Every line from the one with "RICE NOODLES THIN" up to and including the one with "Visitors from the" is to be output exactly as it appears below; pictures are not.

**********

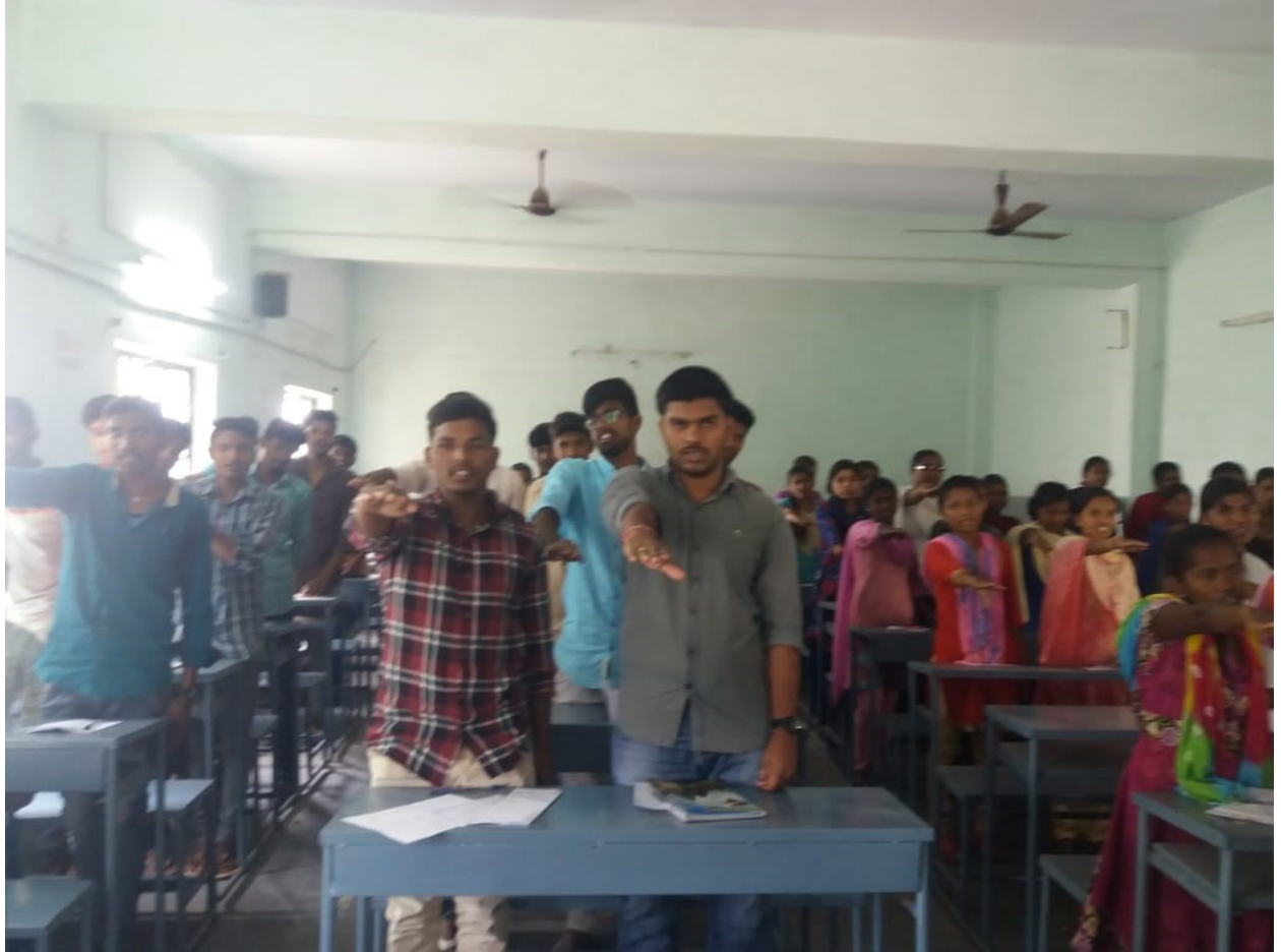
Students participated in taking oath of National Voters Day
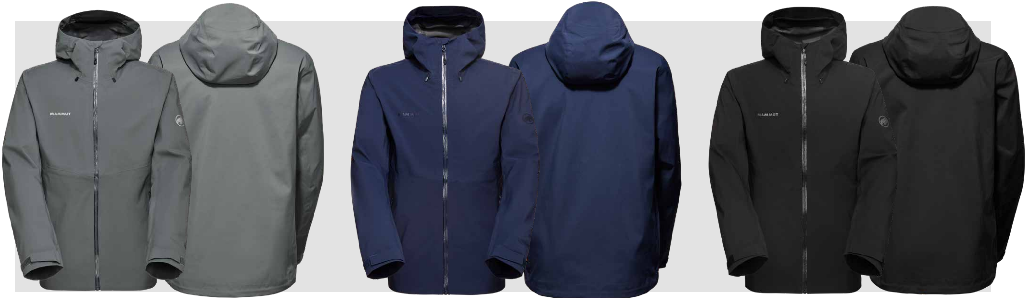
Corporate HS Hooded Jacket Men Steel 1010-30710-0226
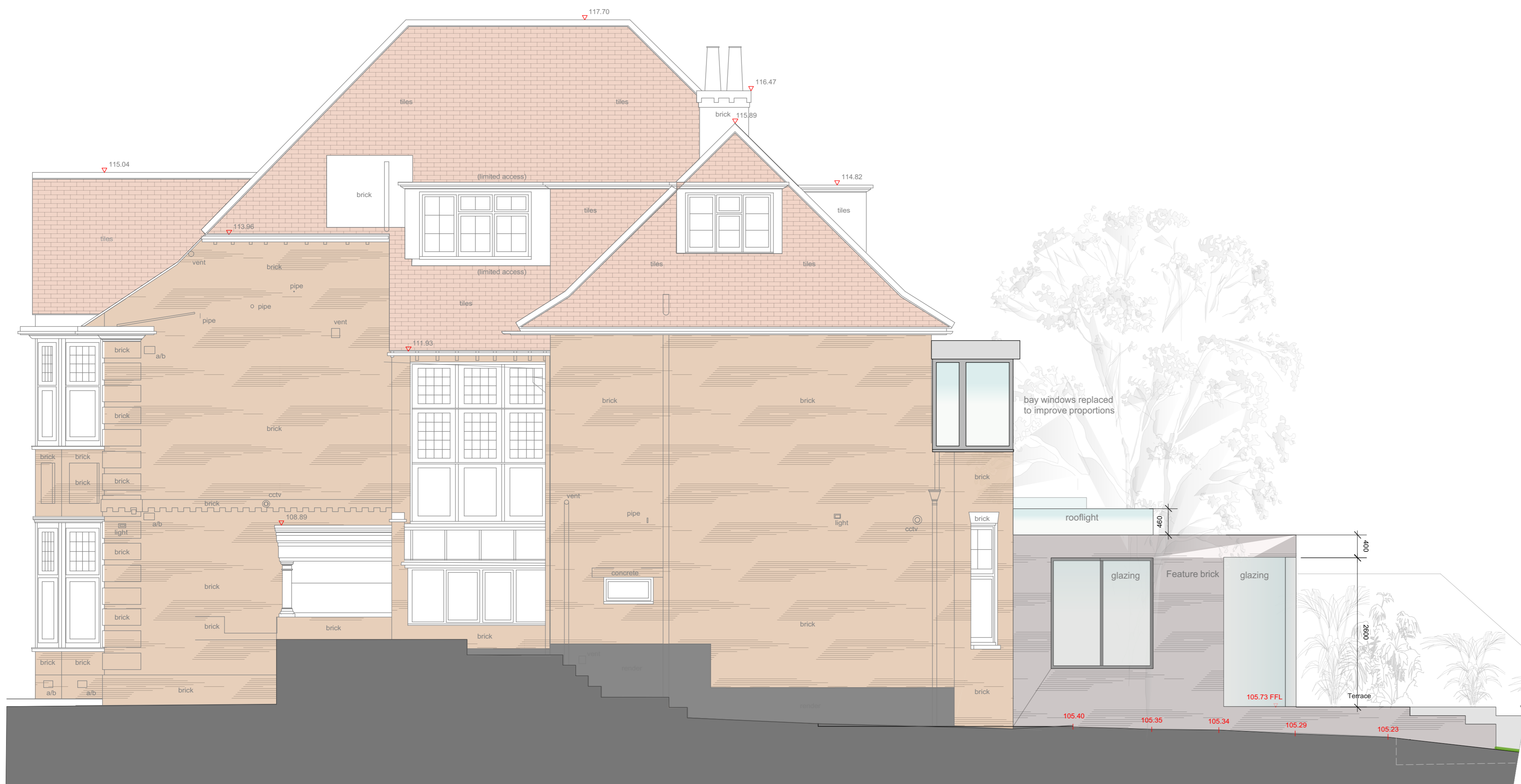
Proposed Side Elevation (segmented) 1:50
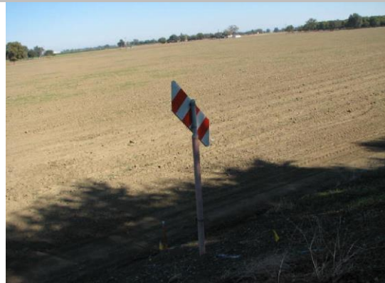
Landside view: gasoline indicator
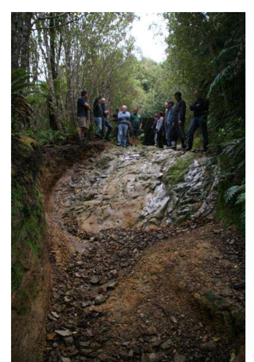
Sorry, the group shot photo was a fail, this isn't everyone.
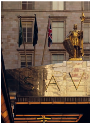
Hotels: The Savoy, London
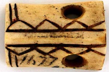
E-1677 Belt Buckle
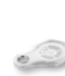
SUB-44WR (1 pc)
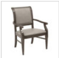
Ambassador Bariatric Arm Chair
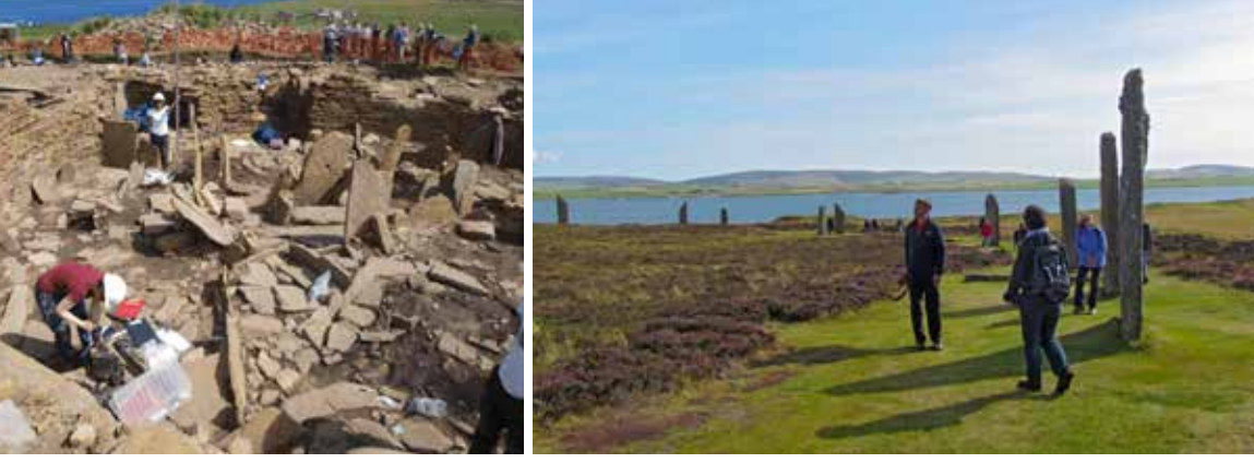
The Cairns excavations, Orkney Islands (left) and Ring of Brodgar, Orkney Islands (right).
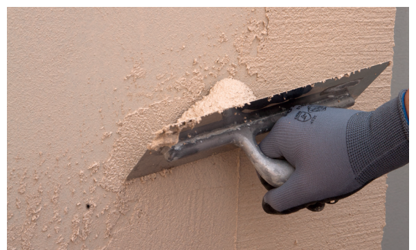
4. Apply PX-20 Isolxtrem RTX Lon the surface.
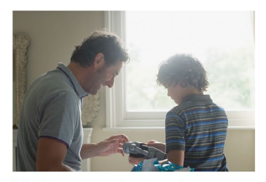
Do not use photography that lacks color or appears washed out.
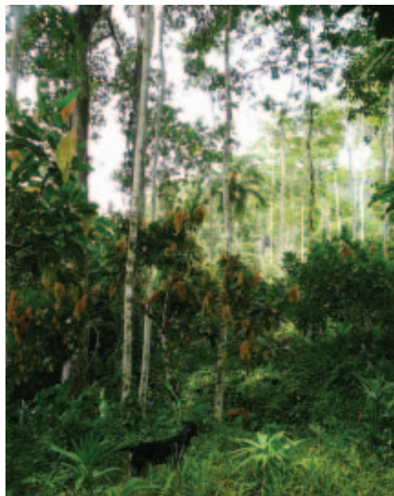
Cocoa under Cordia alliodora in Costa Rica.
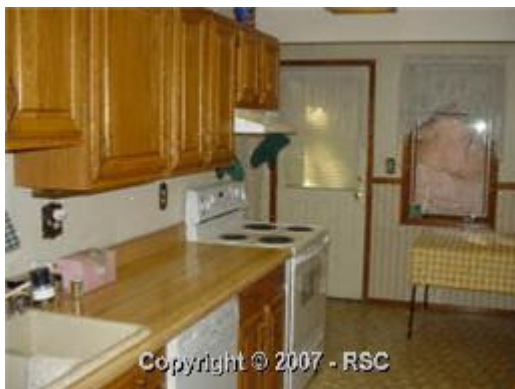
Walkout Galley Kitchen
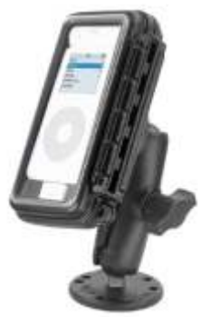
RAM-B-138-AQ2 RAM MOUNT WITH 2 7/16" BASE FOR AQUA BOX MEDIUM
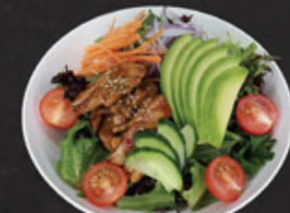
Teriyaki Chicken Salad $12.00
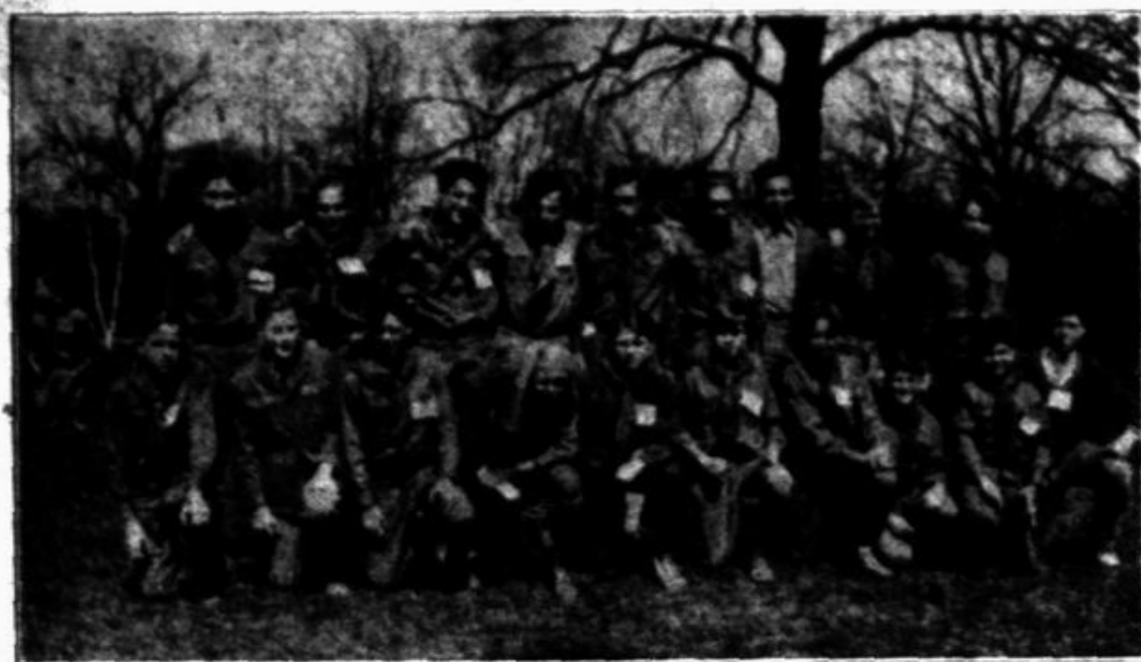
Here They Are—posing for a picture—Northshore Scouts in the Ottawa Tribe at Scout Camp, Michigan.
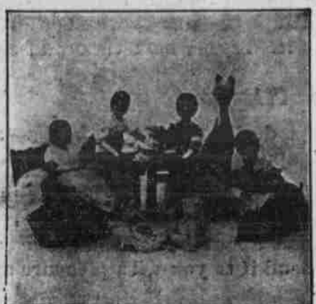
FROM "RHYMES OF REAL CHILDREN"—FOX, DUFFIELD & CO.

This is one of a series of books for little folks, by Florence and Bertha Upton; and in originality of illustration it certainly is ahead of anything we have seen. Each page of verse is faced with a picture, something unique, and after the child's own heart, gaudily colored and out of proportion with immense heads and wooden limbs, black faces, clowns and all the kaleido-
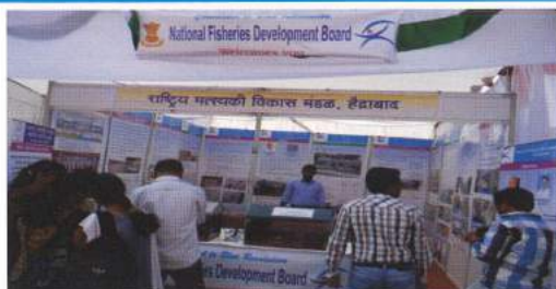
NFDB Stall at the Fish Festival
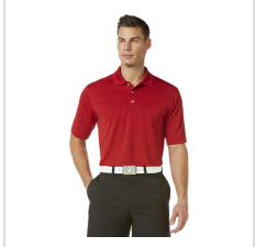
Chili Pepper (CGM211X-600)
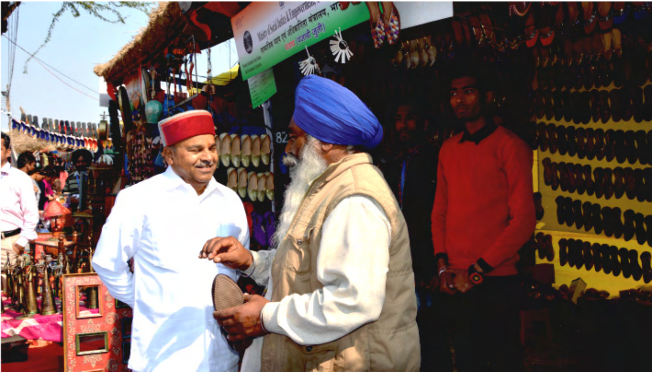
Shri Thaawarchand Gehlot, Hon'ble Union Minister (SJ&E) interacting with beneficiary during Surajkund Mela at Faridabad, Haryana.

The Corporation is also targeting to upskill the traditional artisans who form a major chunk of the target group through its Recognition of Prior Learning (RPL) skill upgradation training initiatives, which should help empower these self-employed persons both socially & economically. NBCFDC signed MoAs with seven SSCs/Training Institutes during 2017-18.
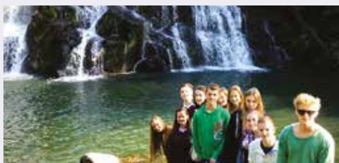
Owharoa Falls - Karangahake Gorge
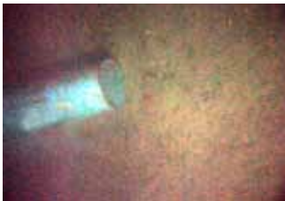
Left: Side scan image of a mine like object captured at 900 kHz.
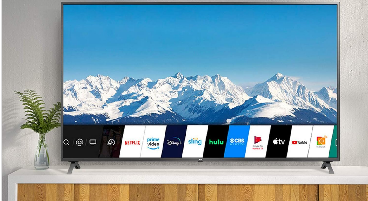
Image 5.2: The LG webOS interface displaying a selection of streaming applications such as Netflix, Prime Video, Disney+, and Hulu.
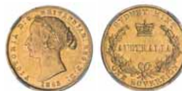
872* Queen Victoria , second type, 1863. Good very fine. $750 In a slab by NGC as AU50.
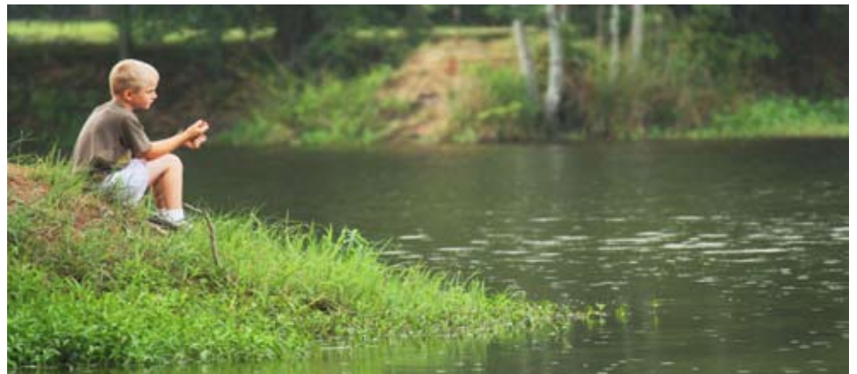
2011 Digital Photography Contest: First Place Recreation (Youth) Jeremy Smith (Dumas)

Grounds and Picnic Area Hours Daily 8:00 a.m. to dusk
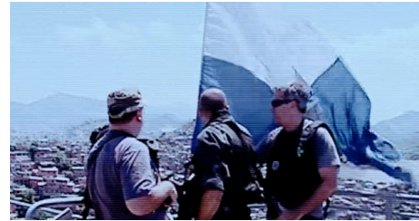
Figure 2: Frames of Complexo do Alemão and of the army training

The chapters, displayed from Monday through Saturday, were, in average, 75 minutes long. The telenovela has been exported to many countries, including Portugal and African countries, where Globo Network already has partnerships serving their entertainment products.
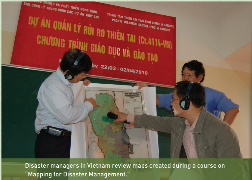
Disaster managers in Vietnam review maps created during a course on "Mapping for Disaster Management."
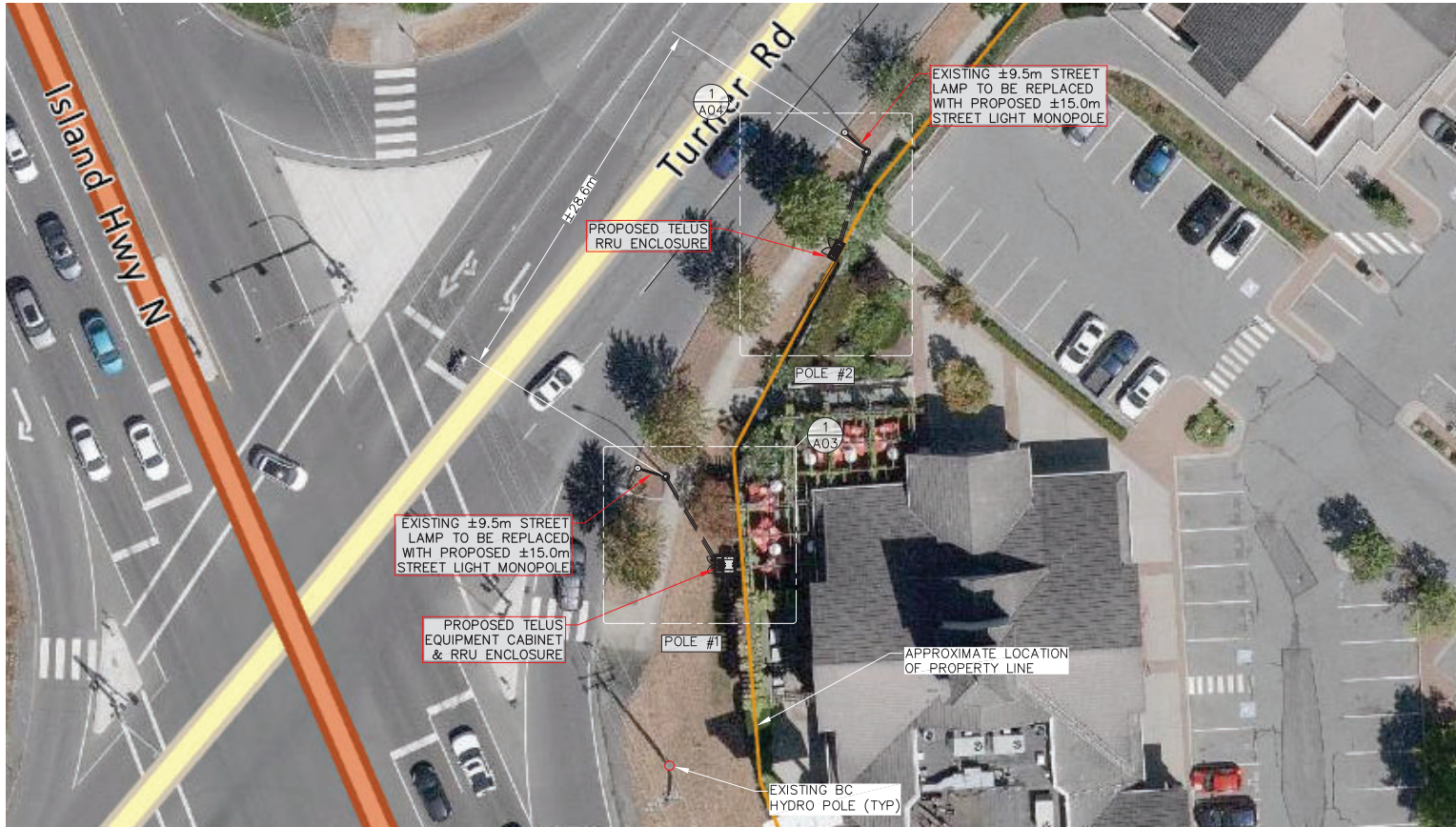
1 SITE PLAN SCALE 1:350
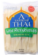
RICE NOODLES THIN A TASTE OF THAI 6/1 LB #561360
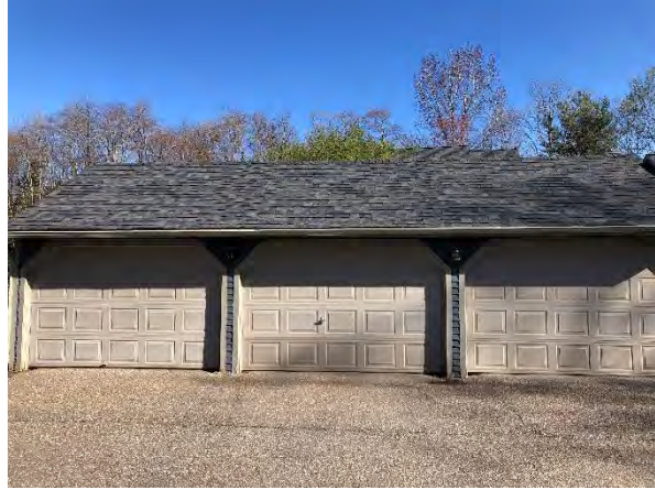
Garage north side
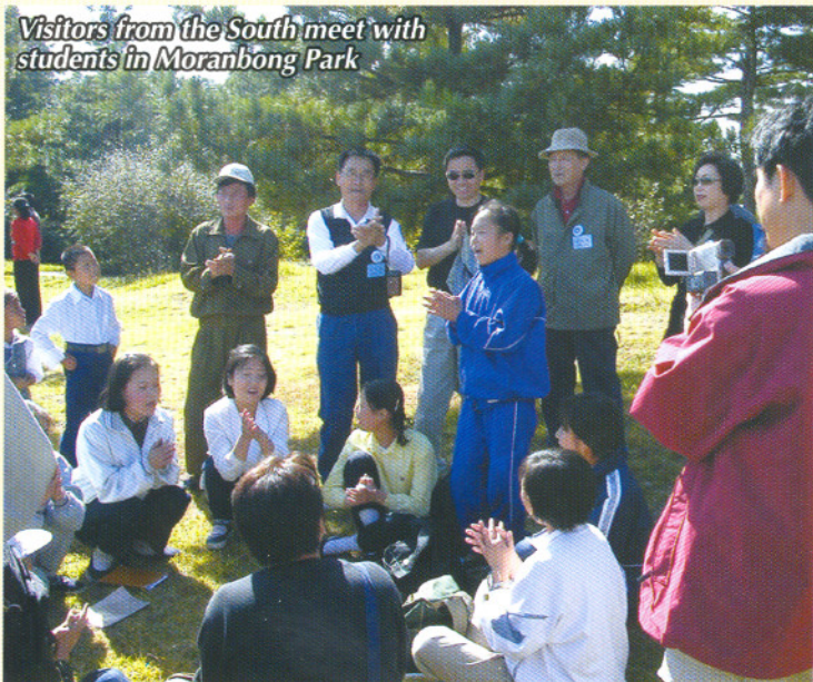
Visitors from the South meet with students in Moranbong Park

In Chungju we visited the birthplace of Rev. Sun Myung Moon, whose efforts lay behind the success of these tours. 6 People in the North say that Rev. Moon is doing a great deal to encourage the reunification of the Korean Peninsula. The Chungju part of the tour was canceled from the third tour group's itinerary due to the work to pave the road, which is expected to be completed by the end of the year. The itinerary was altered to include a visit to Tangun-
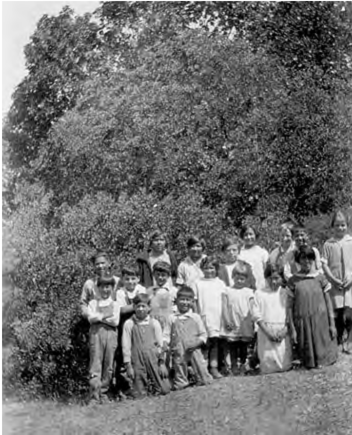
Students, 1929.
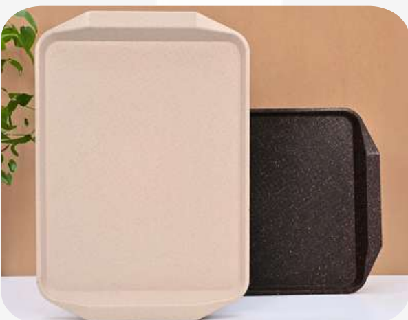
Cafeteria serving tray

**********

**Task output:**
RICE NOODLES THIN A TASTE OF THAI 6/1 LB #561360
Garage north side
Visitors from the South meet with students in Moranbong Park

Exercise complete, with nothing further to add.